HOW TO COMPLETE THIS TASK
Copy the listing below in full and skip every picture.

EXCERPTED DATA
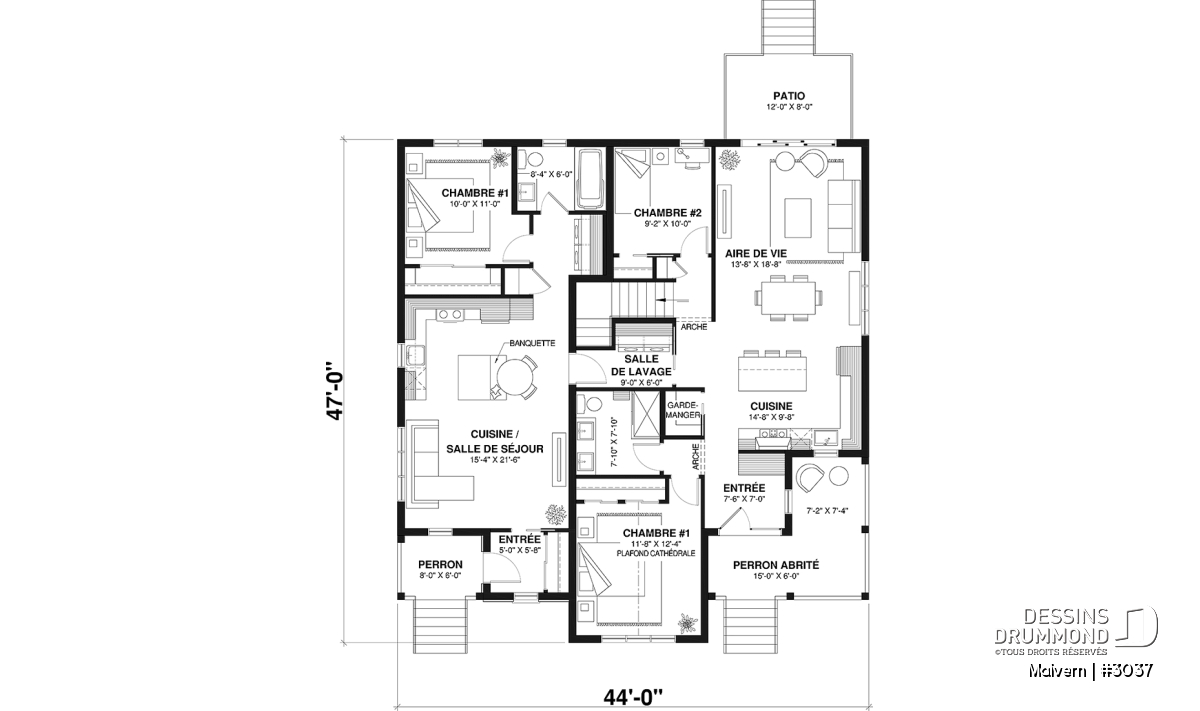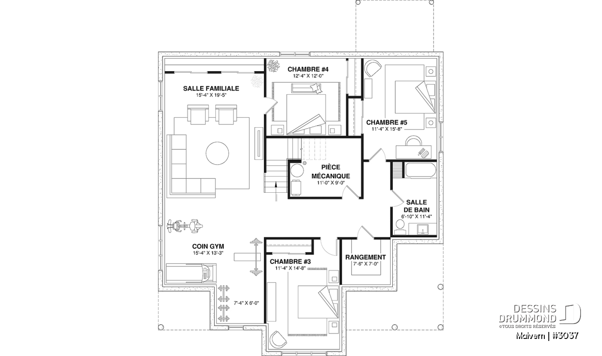 Une salle familiale est également prévue au sous-sol pour le logement principal (#1).
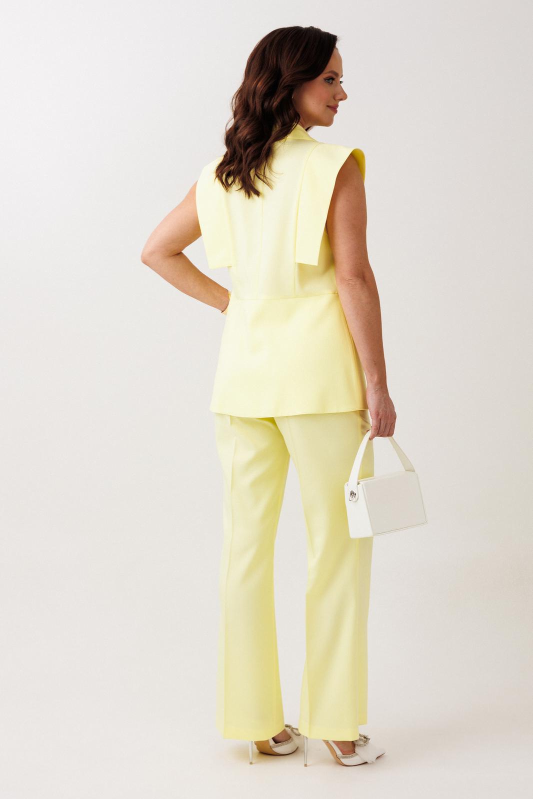 Костюм женский, состоящий из жилета и брюк, выполнен из костюмной ткани, которая немного тянется.
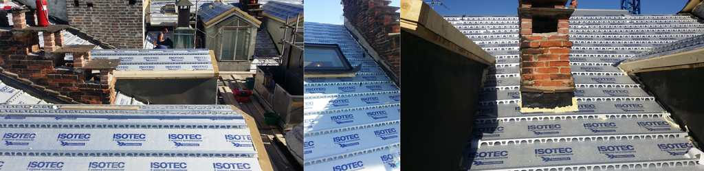 La posa del sistema isolante è risultata particolarmente rapida nonostante l’elevato grado di complessità delle geometrie delle falde, caratterizzate da innumerevoli tagli, compluvi, converse e interruzioni dovute ai numerosi abbaini, comignoli e muretti. Tutte le problematiche sono state risolte grazie all’eccellente lavorabilità del materiale, che può essere facilmente tagliato a misura in cantiere con un segaccio a lama rigida e flessibile a disco per il correntino. Tutti i raccordi fra le lastre nei punti di cambiamento di pendenza e con i corpi emergenti, sono stati sigillati mediante l’apposita schiuma poliuretanica e i giunti protetti con la guaina in alluminio butilico, forniti da Brianza Plastica a completamento del sistema. I pannelli Isotec XL realizzano inoltre, una volta posati, un impalcato portante facilmente pedonabile. Questo aspetto, unitamente alla lunghezza dei pannelli di 3,9 m e la conformazione a battenti contrapposti, apporta notevoli vantaggi in termini di economicità, velocità e sicurezza di posa, oltre ad assicurare chiaramente la continuità dell’isolamento senza che si formino ponti termici. Inoltre l’estrema leggerezza del materiale consente di realizzare un elevato risparmio energetico ed un comfort abitativo ottimale senza gravare le strutture.
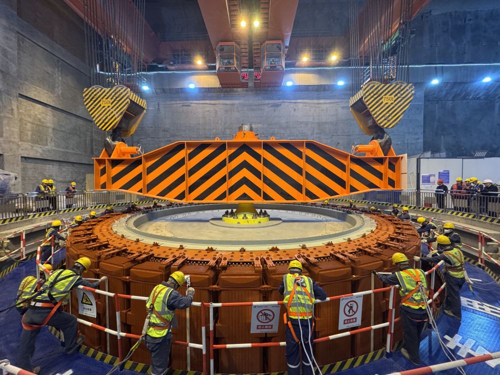 4月11日,华电金上拉哇水电站首台(4号)机组转子顺利完成吊装,标志着机组进入总装冲刺阶段,为确保按期投产发电奠定坚实基础。
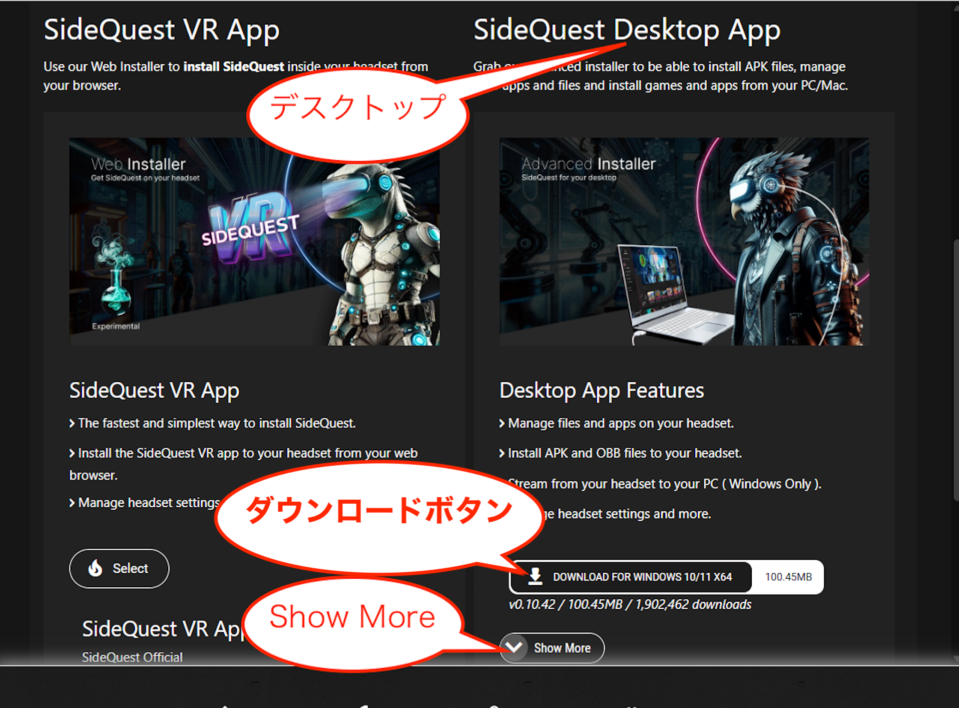 SideQuestのウェブページの中段ほどに、SideQuestデスクトップアプリのダウンロードボタンがあります。ここから、ご利用のパソコンに合わせたアプリをダウンロード・インストールしてください。表示されているOS以外のアプリは、「Showt More」というボタンで表示させます。
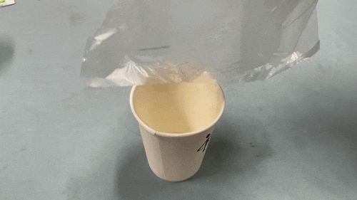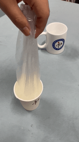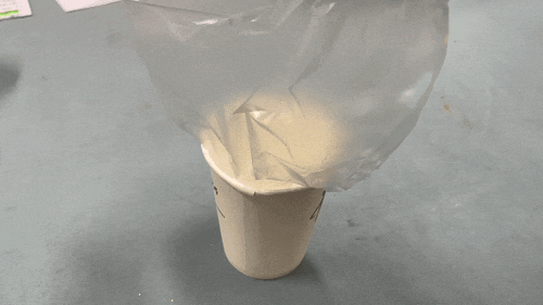 然後提拉塑料袋,發現紙杯不會被提起。(這不是廢話嗎
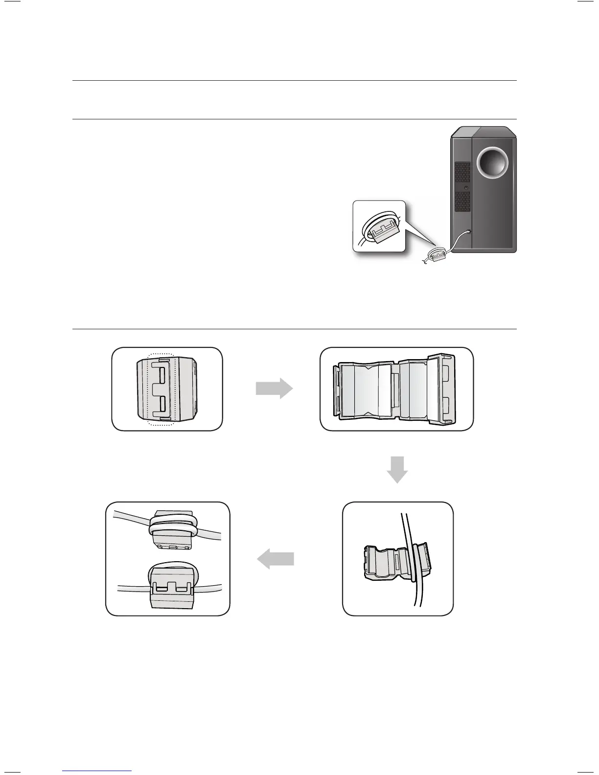 Attaching the Toroidal ferrite core to the power cord of the subwoofer
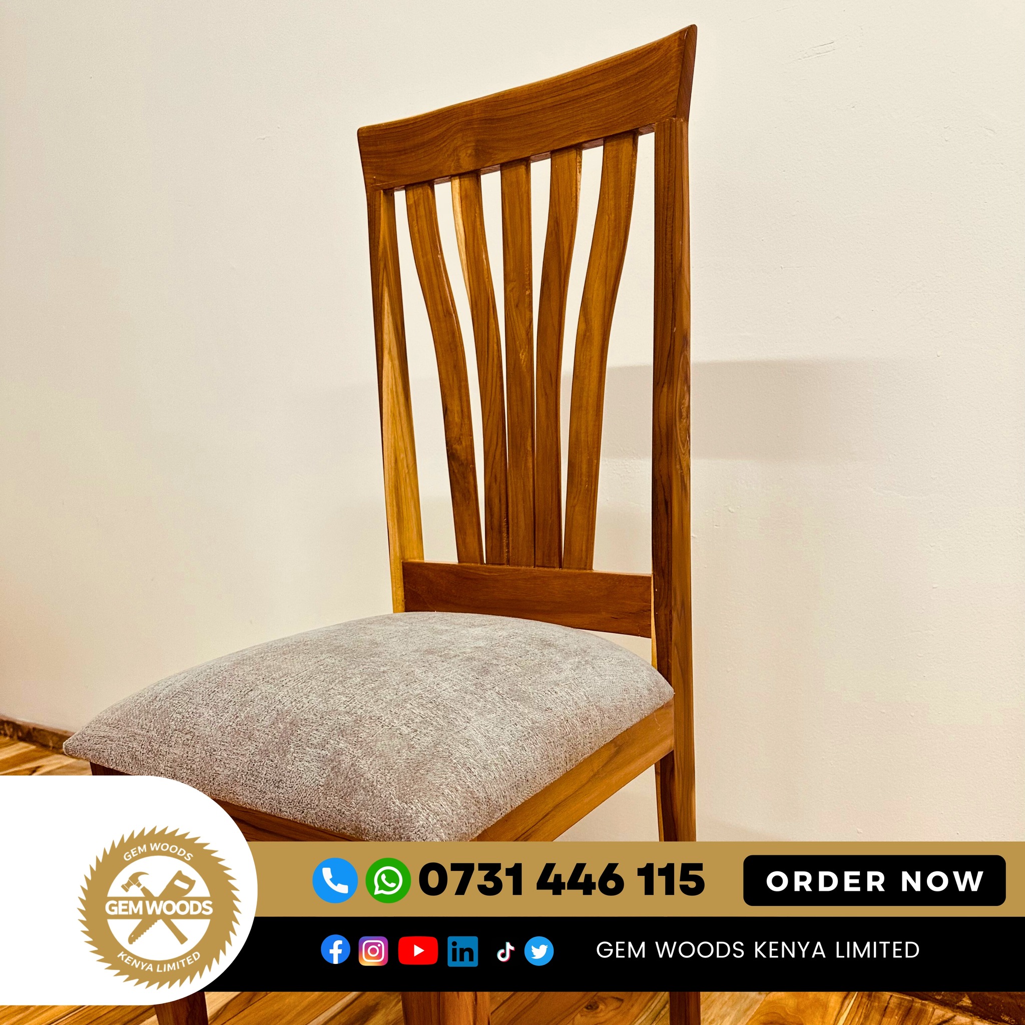 Add timeless elegance and durability to your dining space with our Hardwood Dining Chairs, expertly crafted from premium Sudan Teak, Mahogany, or Mvule. These hardwoods are known for their strength, beautiful natural grain, and long-lasting performance, making them ideal for high-quality furniture.

COMPLETED TASK
 Une salle familiale est également prévue au sous-sol pour le logement principal (#1).
 Костюм женский, состоящий из жилета и брюк, выполнен из костюмной ткани, которая немного тянется.
 La posa del sistema isolante è risultata particolarmente rapida nonostante l’elevato grado di complessità delle geometrie delle falde, caratterizzate da innumerevoli tagli, compluvi, converse e interruzioni dovute ai numerosi abbaini, comignoli e muretti. Tutte le problematiche sono state risolte grazie all’eccellente lavorabilità del materiale, che può essere facilmente tagliato a misura in cantiere con un segaccio a lama rigida e flessibile a disco per il correntino. Tutti i raccordi fra le lastre nei punti di cambiamento di pendenza e con i corpi emergenti, sono stati sigillati mediante l’apposita schiuma poliuretanica e i giunti protetti con la guaina in alluminio butilico, forniti da Brianza Plastica a completamento del sistema. I pannelli Isotec XL realizzano inoltre, una volta posati, un impalcato portante facilmente pedonabile. Questo aspetto, unitamente alla lunghezza dei pannelli di 3,9 m e la conformazione a battenti contrapposti, apporta notevoli vantaggi in termini di economicità, velocità e sicurezza di posa, oltre ad assicurare chiaramente la continuità dell’isolamento senza che si formino ponti termici. Inoltre l’estrema leggerezza del materiale consente di realizzare un elevato risparmio energetico ed un comfort abitativo ottimale senza gravare le strutture.
 4月11日,华电金上拉哇水电站首台(4号)机组转子顺利完成吊装,标志着机组进入总装冲刺阶段,为确保按期投产发电奠定坚实基础。
 SideQuestのウェブページの中段ほどに、SideQuestデスクトップアプリのダウンロードボタンがあります。ここから、ご利用のパソコンに合わせたアプリをダウンロード・インストールしてください。表示されているOS以外のアプリは、「Showt More」というボタンで表示させます。
 然後提拉塑料袋,發現紙杯不會被提起。(這不是廢話嗎
 Attaching the Toroidal ferrite core to the power cord of the subwoofer
 Add timeless elegance and durability to your dining space with our Hardwood Dining Chairs, expertly crafted from premium Sudan Teak, Mahogany, or Mvule. These hardwoods are known for their strength, beautiful natural grain, and long-lasting performance, making them ideal for high-quality furniture.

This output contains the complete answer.